Cada noite que desce sobre uma espera vã traz-me à boca um gosto de vinagre, aos ouvidos um som qualquer que ensurdeça. Ninguém se disse adeus, e na ausência de luz alguém está morrendo sozinho.
Cada vez que não morremos parece-me que demos mais um passo para trás, progredimos no sentido inverso, chegamos, pois que nos levantamos para prosseguir. E nestes dias de indolência, oco, ânsia oculta, uma sensação de interminabilidade sobe, sobe, pelas veias sobe. Nada. Esta falta de segredo é uma chegada, no seu verdadeiro significado: chegada é sempre escala; ponto para respirar; pela penúltima vez, quem sabe.

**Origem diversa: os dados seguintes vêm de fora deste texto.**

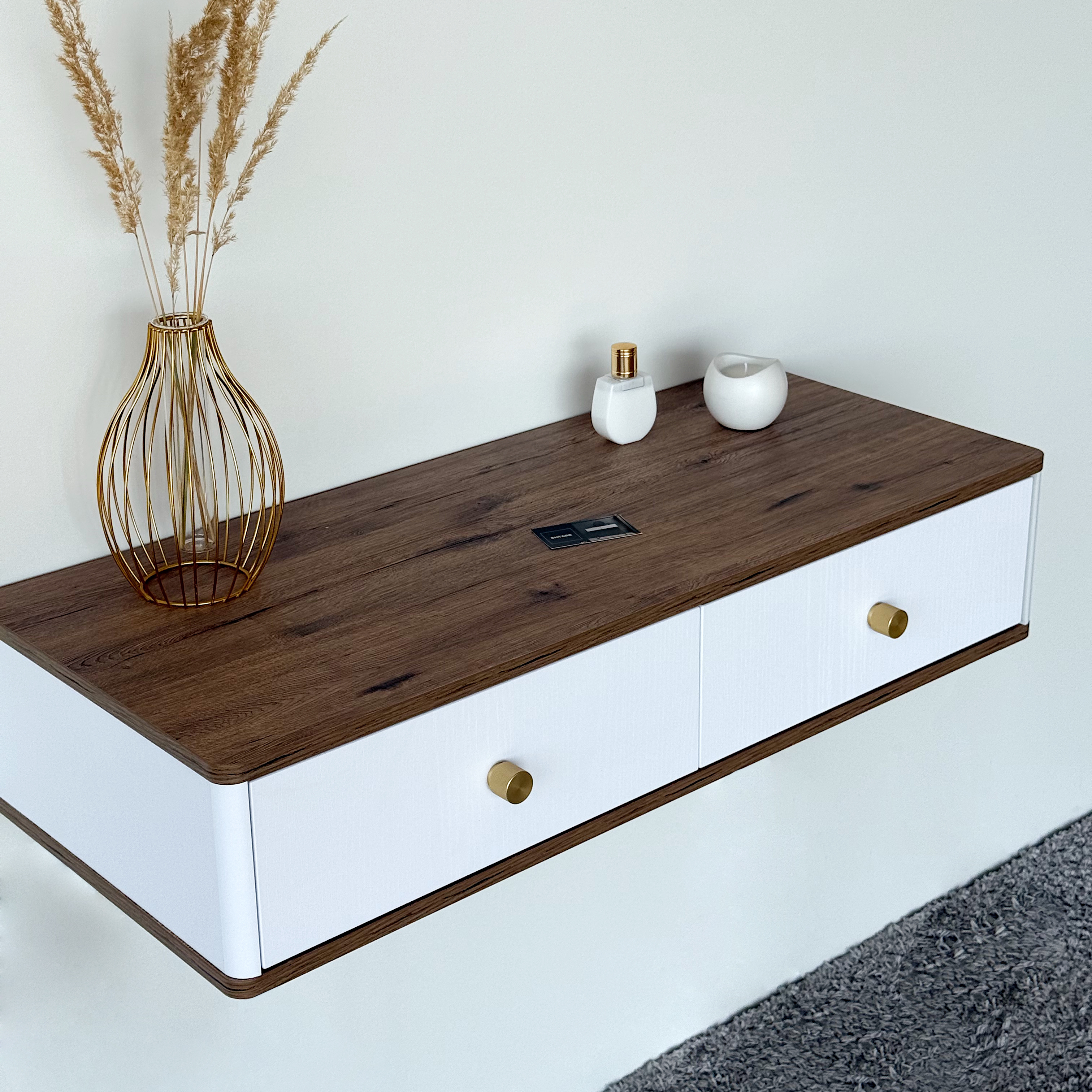 Подвесной туалетный столик консоль Royal 5310 эко (Дуб Веллингтон-р.золото) – купить за 371.77 Br | SHTABE
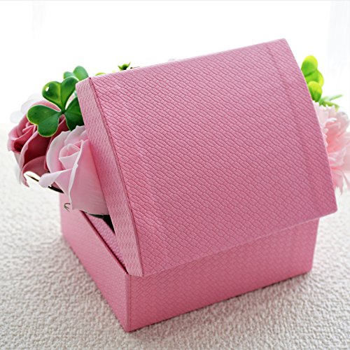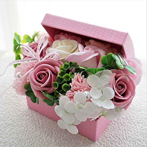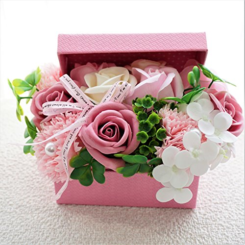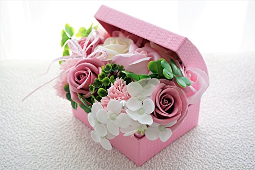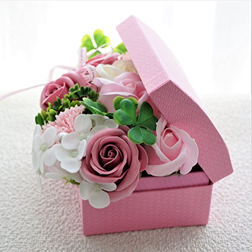 BIOフレグランスソープフラワー オープンボックス フタ付ボックス お祝い 記念日 お見舞い 母の日 ホワイトデー バレンタインデー (ピンク, ミニ)

Esta brisa marinha semimágica que entra tão sub-repticiamente pela janela denuncia o quê? ou liquefaz meus suspiros em mistério tátil e tácito. Meu Deus, de novo a brisa a me desalienar e desalinhar, despertando o borbulhar que o ano inteirinho pressentiu. Suspirosa e oleosa, uma tonta. Ligo o rádio. Será que eu fui engolida inteira? Faz de conta que a minha digestão é fácil, que as grandes partes se derreteram já, que os ossos cuspidos estão arrumados, insensíveis e ressecando. Ouvi dizer, li em algum lugar: Ana é idiota. Se conspirassem contra mim, talvez eu fosse. A noite despencou e quebrou três estrelas.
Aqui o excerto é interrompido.